• _Task instructions_
The output should be the listing below, limited to the lines from the one with "Maintaining the proper" through the one with "Starting off strong", exact and without pictures.
- - - - - - -
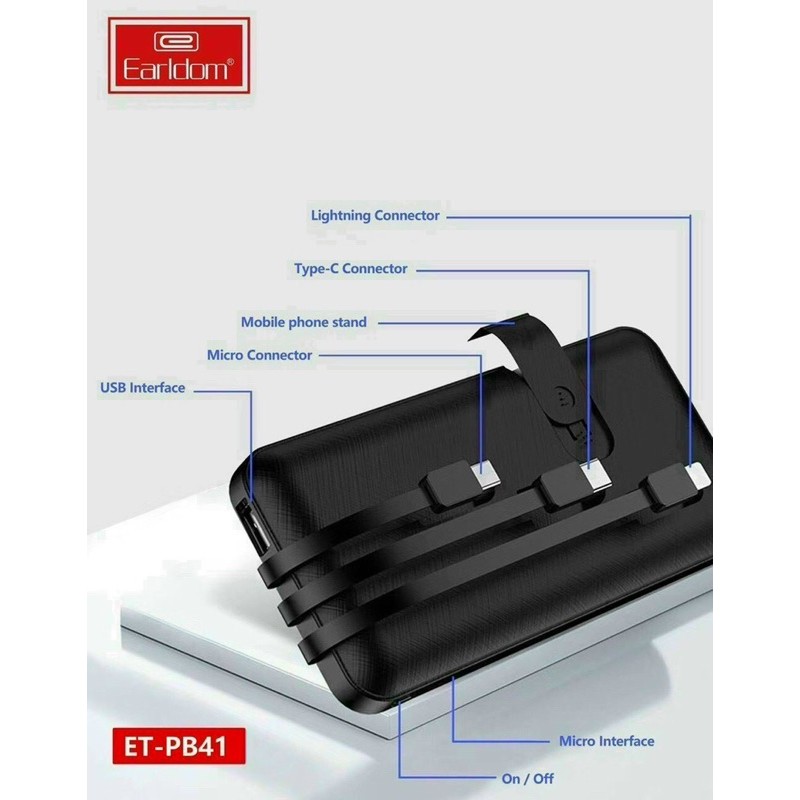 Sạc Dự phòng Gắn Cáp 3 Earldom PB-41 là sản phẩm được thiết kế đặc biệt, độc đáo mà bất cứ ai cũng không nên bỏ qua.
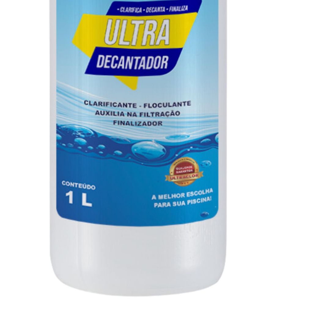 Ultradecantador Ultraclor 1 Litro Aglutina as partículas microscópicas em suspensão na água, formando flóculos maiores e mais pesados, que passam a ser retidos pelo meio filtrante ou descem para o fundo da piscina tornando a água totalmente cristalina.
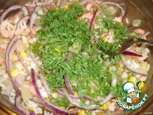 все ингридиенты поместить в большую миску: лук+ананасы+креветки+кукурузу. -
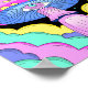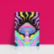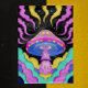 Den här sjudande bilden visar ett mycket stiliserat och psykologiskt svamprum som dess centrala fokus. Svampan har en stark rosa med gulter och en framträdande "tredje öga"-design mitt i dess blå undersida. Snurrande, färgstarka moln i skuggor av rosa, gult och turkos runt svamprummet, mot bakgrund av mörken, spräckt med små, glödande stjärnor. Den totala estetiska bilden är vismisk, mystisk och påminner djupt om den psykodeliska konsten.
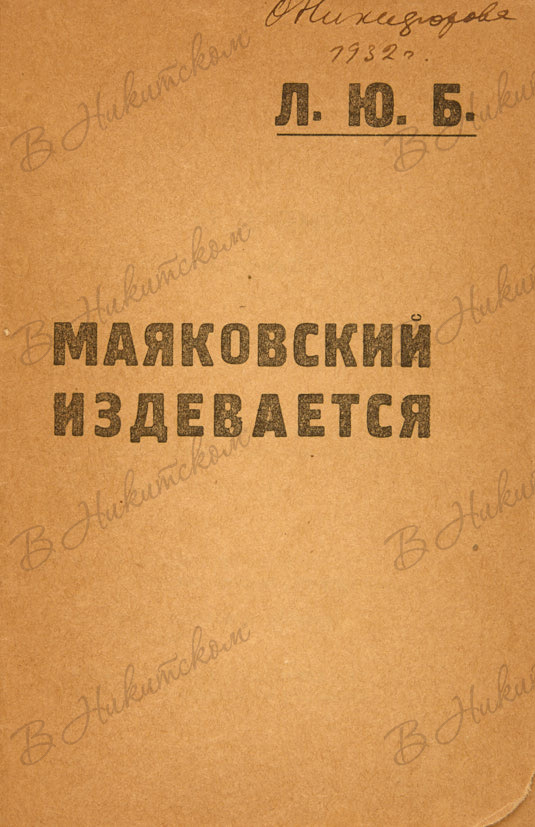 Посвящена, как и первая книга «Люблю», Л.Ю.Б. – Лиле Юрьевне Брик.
- - - - - - -
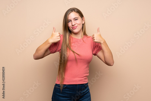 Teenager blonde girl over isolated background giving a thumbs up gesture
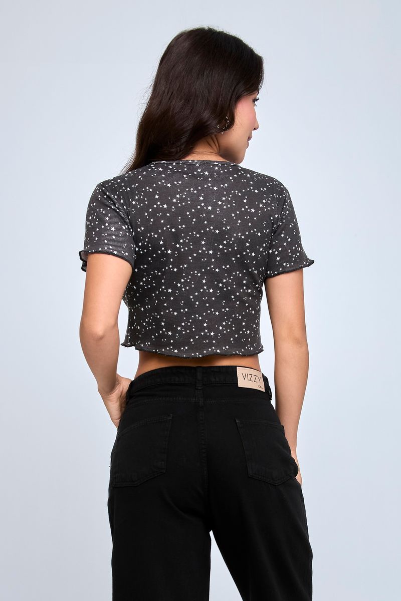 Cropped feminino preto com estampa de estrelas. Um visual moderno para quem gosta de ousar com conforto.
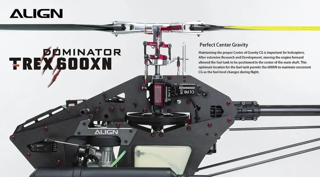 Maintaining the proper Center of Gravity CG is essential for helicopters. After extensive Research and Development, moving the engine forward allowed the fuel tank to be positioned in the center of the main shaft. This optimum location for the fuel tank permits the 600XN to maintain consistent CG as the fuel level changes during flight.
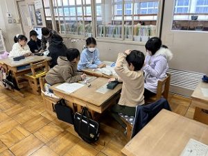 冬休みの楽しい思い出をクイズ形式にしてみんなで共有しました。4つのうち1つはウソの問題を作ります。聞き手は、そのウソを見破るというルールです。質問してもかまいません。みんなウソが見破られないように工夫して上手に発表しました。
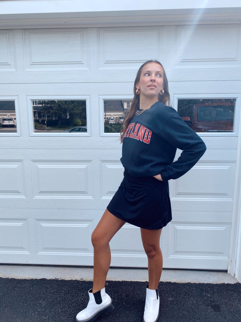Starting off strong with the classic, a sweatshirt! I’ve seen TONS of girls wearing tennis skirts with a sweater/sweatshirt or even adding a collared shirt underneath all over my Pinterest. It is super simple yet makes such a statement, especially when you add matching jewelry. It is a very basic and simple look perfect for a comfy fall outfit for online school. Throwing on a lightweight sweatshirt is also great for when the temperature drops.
- - - - - - -
• _Worked solution_
 Maintaining the proper Center of Gravity CG is essential for helicopters. After extensive Research and Development, moving the engine forward allowed the fuel tank to be positioned in the center of the main shaft. This optimum location for the fuel tank permits the 600XN to maintain consistent CG as the fuel level changes during flight.
 冬休みの楽しい思い出をクイズ形式にしてみんなで共有しました。4つのうち1つはウソの問題を作ります。聞き手は、そのウソを見破るというルールです。質問してもかまいません。みんなウソが見破られないように工夫して上手に発表しました。
Starting off strong with the classic, a sweatshirt! I’ve seen TONS of girls wearing tennis skirts with a sweater/sweatshirt or even adding a collared shirt underneath all over my Pinterest. It is super simple yet makes such a statement, especially when you add matching jewelry. It is a very basic and simple look perfect for a comfy fall outfit for online school. Throwing on a lightweight sweatshirt is also great for when the temperature drops.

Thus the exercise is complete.